Ultimately we know labor income growth will slow if for no other reason than job growth will slow due to the fact there are few people available for work who do not already have a job. To date we have seen labor income slow from double-digit growth rates during the reopening period to around 7 percent today (national figures are similar). And as job growth slows in a tight labor market, total income will as well, and back to something more consistent with historical periods and hopefully more consistent with 2 percent inflation.

Note that in this forecast this still occurs even if per worker wage growth remains stronger, because job gains will taper to sub-1%. It is important to keep in mind Oregon’s potential labor force is also increasing at sub-1% rates due to the slowdown in population growth and the underlying demographics and increased retirements as the Baby Boomers age into their 60s and 70s.

Now, recent wage gains per worker are showing mixed signals. Average wages as defined as total wages divided by employment have slowed, and Oregon withholding revenues have slowed even more. On the other hand, Oregon’s average hourly earnings measure hasn’t slowed at all really and continues to boom. Even so, the closely watched measure of the national Employment Cost Index fits somewhere in the middle where the increases have slowed a little bit, they are off their peak, but still faster last quarter than anything experienced last decade.
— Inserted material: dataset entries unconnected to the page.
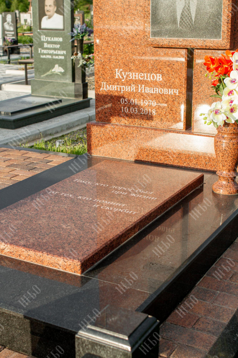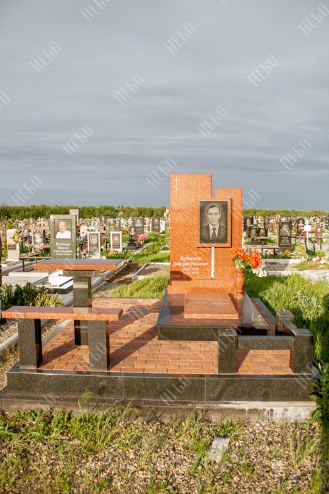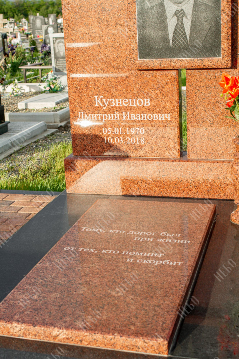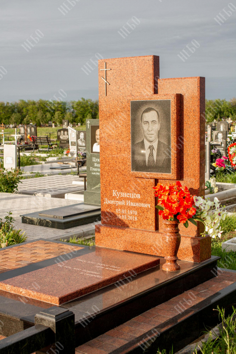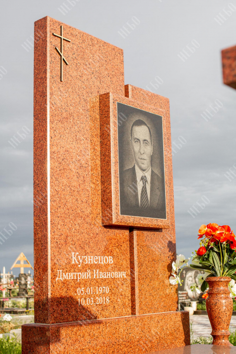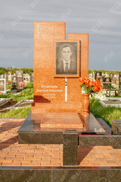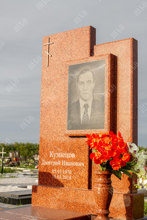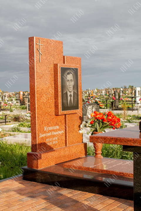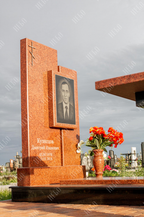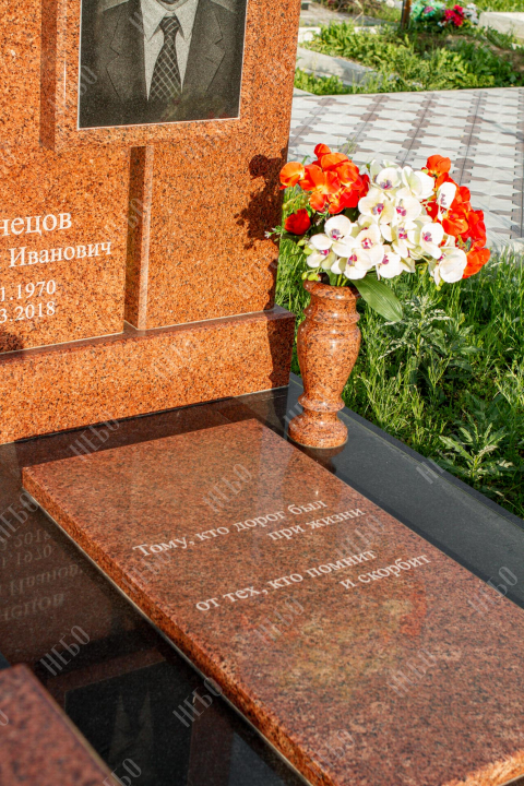 Памятник для православного человека с двухуровневой стелой, вазой и закрытым надгробием. Ритуальное изделие имеет широкую ассиметричную стелу, состоящую из двух частей. По центру памятника располагается фото усопшего, а на закрытой надгробной плите - эпитафия. На территории площадки захоронения размещен гранитный стол и скамья, которые служат не только предметом практичности, но и дополнительным декоративным элементом. Вся ритуальная композиция смотрится дорого и приковывает взгляды. Размеры стелы и надгробия соответствуют заданным нормам при имеющейся нагрузке и исключают деформации со временем.
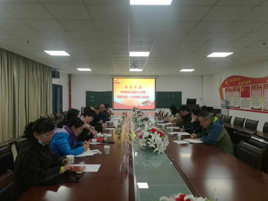 姜学勤院长首先介绍我院基本情况、机构设置、教学科研平台、经典文献阅览室以及虚拟仿真实验室建设情况等。张晓平院长介绍了荆州职业技术学院suncitygroup太阳集团网址基本情况,重点介绍了红色公园党史长廊、中国精神长廊、湘鄂西革命档案史料馆。两校在思想政治教育上各有特色,双方指出以后可以在很多方面开展更加丰富的交流与合作。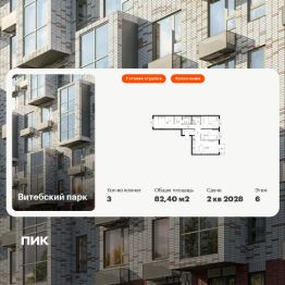 Продаётся 3-комн. квартира площадью 82,4 кв.м на 6 этаже 12 этажного дома (Корпус 7, Секция 2) проекта ПИК Витебский парк. Светлый просторный подъезд на уровне земли, функциональная планировка, большие окна, c отделкой.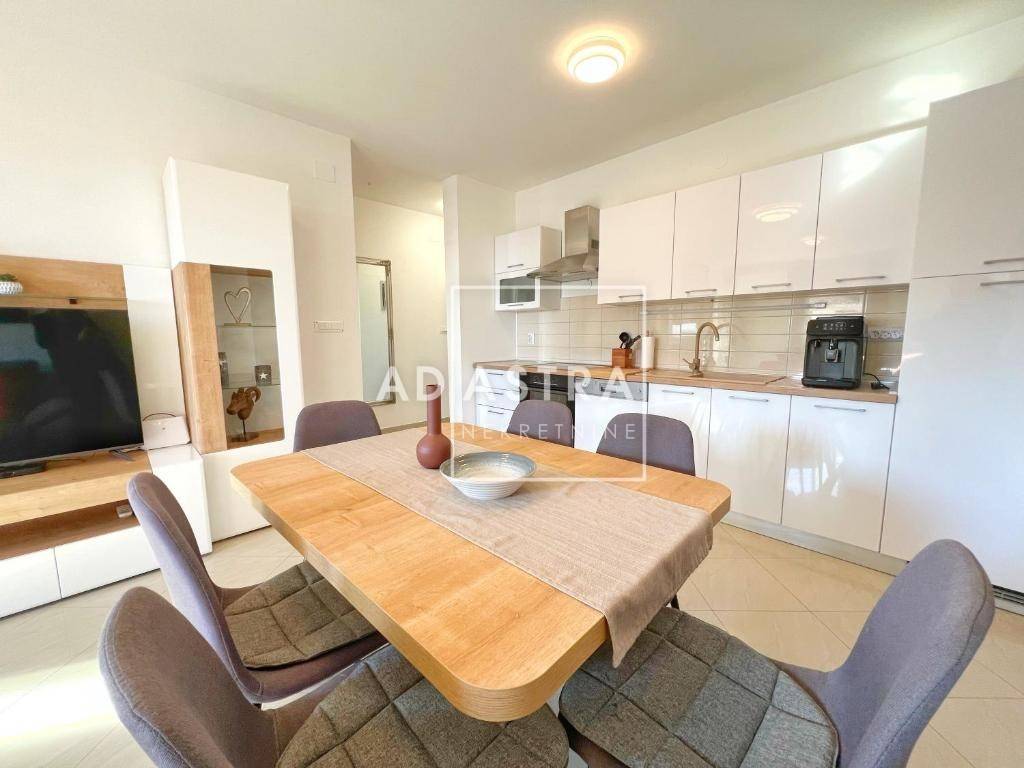 Na mirnoj lokaciji u Ližnjanu, prodaje se ovaj moderno uređen dvosoban stan ukupne neto površine 84,38 m2. Smjestio se na prvom katu stambene zgrade novije gradnje.

Bottom Line: The Fed is in a tough spot. Not just due to the possible banking concerns, but due to the still hot inflation data. As opposed to the hard or soft landing, to date the economy has shown more of a no landing pattern. Nominal growth continues to be quite strong. From that perspective the Fed clearly has more work to do. We shall see how they try to balance the near-term risks with the longer-term policy goals of maximum employment and price stability.